WHAT IS NEEDED | Transcribe nothing except the lines below that run from the one with "Het onderwerp van" to the one with "Camicia a maniche", ends included, and do not copy any picture.
### DATA PROVIDED
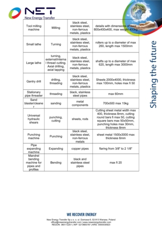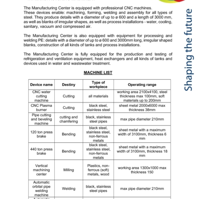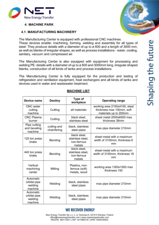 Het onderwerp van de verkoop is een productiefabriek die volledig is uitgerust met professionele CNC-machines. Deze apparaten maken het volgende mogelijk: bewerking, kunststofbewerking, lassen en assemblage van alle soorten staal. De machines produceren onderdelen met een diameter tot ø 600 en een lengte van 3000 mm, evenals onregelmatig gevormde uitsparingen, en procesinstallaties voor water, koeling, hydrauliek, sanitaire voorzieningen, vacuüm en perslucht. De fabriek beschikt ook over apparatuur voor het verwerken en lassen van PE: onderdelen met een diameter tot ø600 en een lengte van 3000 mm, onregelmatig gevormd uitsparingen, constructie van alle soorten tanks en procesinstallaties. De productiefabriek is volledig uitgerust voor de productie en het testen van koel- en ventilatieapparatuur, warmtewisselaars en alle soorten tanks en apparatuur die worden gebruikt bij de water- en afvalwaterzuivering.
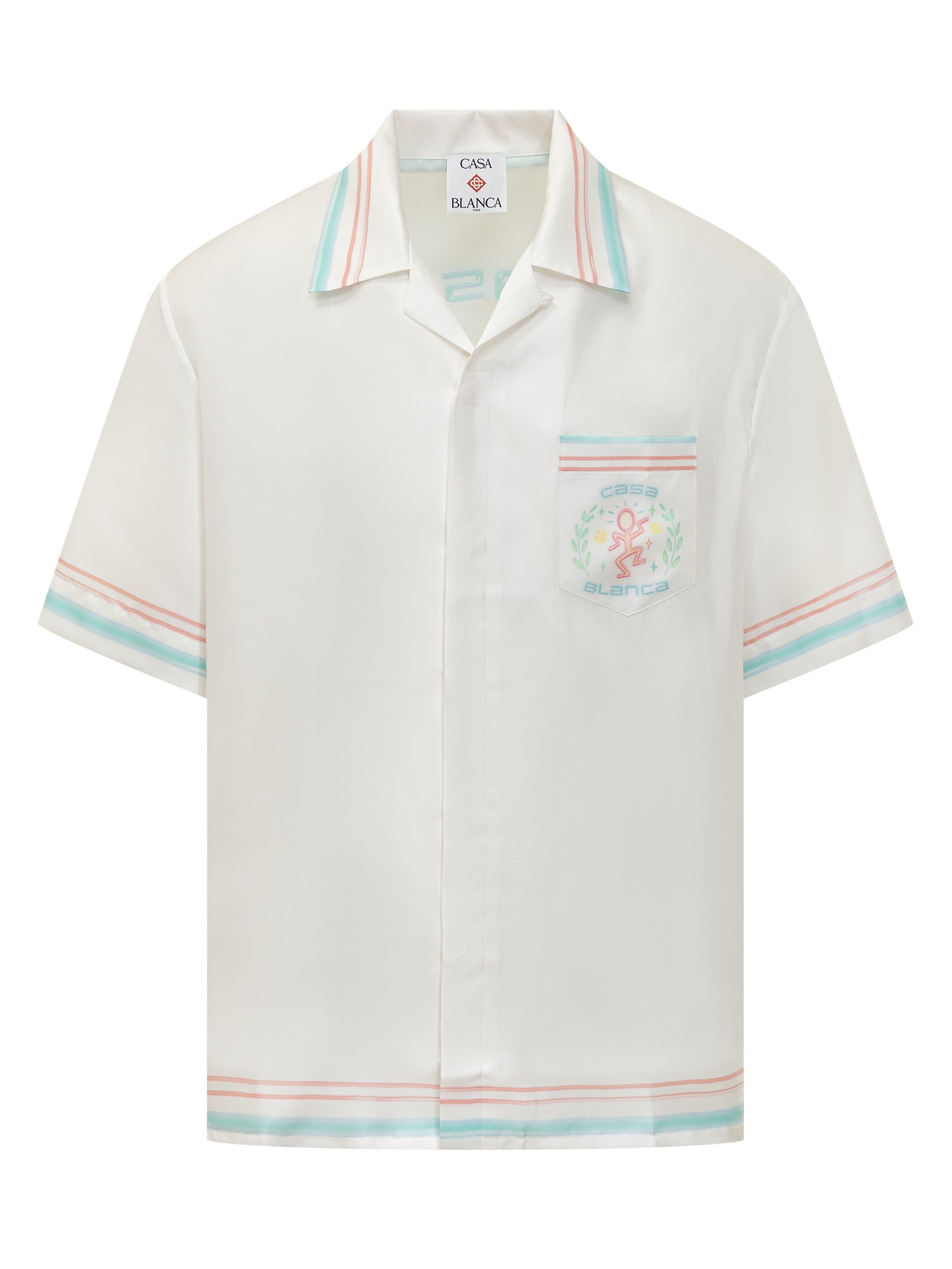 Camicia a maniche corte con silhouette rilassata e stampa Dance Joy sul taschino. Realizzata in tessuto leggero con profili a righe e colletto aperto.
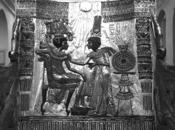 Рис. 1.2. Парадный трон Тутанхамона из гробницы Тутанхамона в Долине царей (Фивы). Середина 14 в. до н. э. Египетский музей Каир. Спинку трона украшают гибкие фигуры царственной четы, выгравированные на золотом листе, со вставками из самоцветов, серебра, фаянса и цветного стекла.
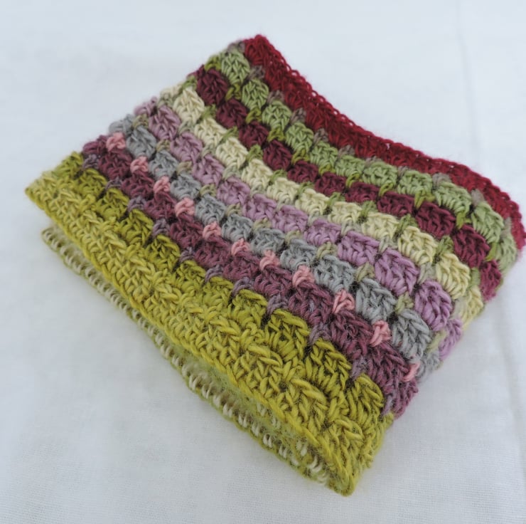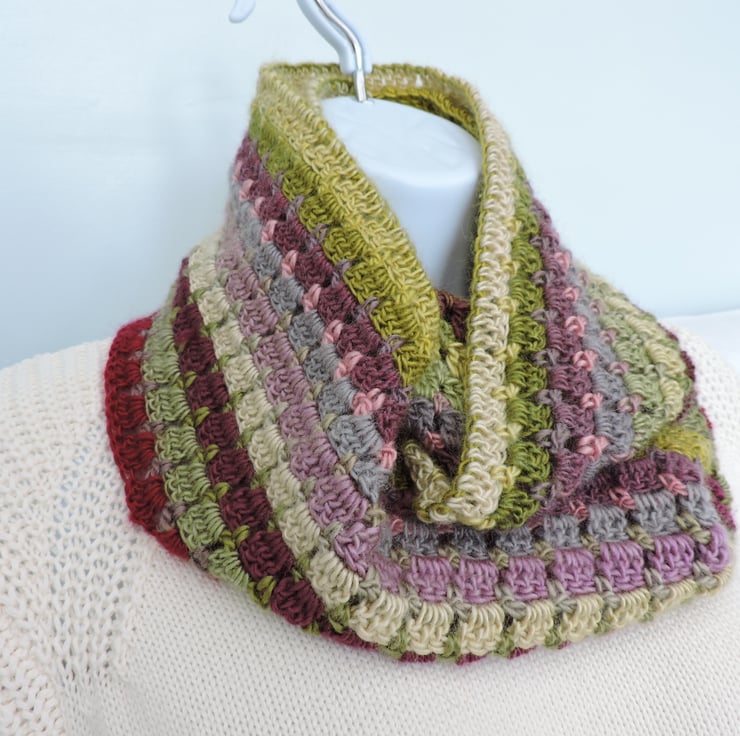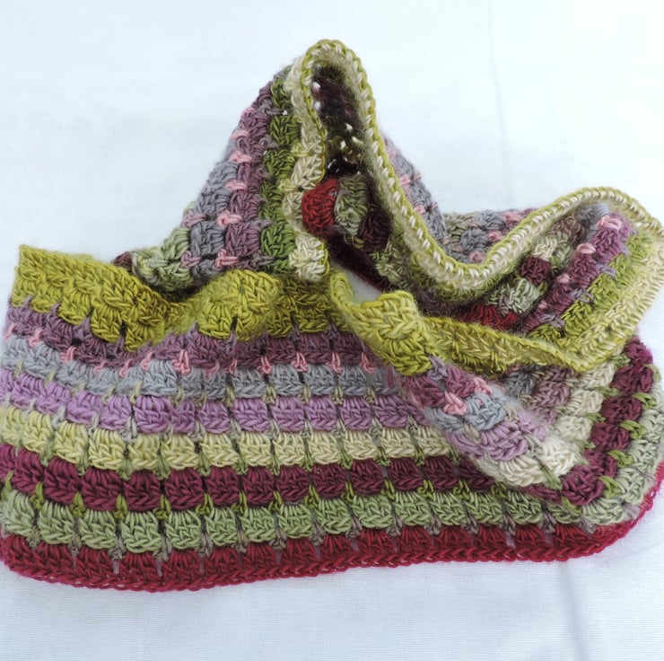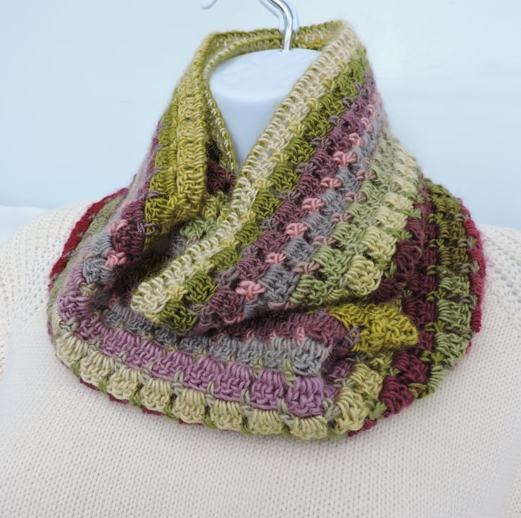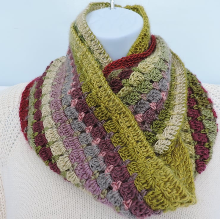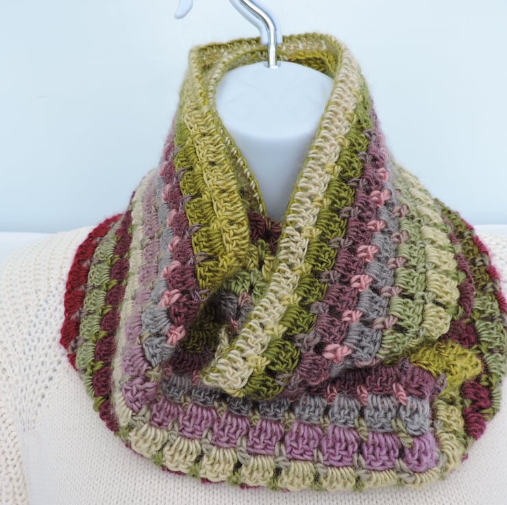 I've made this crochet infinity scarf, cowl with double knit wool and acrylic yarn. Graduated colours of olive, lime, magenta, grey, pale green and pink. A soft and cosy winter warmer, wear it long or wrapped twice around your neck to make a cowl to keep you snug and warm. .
######
### DATA PROVIDED
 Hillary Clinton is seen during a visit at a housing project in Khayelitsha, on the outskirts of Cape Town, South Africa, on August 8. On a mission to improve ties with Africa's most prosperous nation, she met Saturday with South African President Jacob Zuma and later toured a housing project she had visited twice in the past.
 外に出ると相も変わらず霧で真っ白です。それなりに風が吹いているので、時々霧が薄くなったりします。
######
ANSWER SPACE |
 Het onderwerp van de verkoop is een productiefabriek die volledig is uitgerust met professionele CNC-machines. Deze apparaten maken het volgende mogelijk: bewerking, kunststofbewerking, lassen en assemblage van alle soorten staal. De machines produceren onderdelen met een diameter tot ø 600 en een lengte van 3000 mm, evenals onregelmatig gevormde uitsparingen, en procesinstallaties voor water, koeling, hydrauliek, sanitaire voorzieningen, vacuüm en perslucht. De fabriek beschikt ook over apparatuur voor het verwerken en lassen van PE: onderdelen met een diameter tot ø600 en een lengte van 3000 mm, onregelmatig gevormd uitsparingen, constructie van alle soorten tanks en procesinstallaties. De productiefabriek is volledig uitgerust voor de productie en het testen van koel- en ventilatieapparatuur, warmtewisselaars en alle soorten tanks en apparatuur die worden gebruikt bij de water- en afvalwaterzuivering.
 Camicia a maniche corte con silhouette rilassata e stampa Dance Joy sul taschino. Realizzata in tessuto leggero con profili a righe e colletto aperto.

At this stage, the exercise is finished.